Action item: Please quote exactly the lines below from the line containing "2023年2月15日,北京,二十世纪初中" to the line containing "陳怡君開始用畫筆紀錄自己的身", both lines included, and nothing else.

Entries shown:
═══
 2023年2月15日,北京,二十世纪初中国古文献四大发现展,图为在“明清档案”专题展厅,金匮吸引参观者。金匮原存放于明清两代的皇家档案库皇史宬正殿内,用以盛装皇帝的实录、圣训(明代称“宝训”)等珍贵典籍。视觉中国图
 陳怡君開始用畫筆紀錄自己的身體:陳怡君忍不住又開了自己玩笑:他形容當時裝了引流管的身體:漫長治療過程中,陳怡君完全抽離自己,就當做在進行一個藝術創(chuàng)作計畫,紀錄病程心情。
═══
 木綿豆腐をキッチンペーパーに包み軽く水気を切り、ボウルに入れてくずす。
═══
Task output:
 2023年2月15日,北京,二十世纪初中国古文献四大发现展,图为在“明清档案”专题展厅,金匮吸引参观者。金匮原存放于明清两代的皇家档案库皇史宬正殿内,用以盛装皇帝的实录、圣训(明代称“宝训”)等珍贵典籍。视觉中国图
 陳怡君開始用畫筆紀錄自己的身體:陳怡君忍不住又開了自己玩笑:他形容當時裝了引流管的身體:漫長治療過程中,陳怡君完全抽離自己,就當做在進行一個藝術創(chuàng)作計畫,紀錄病程心情。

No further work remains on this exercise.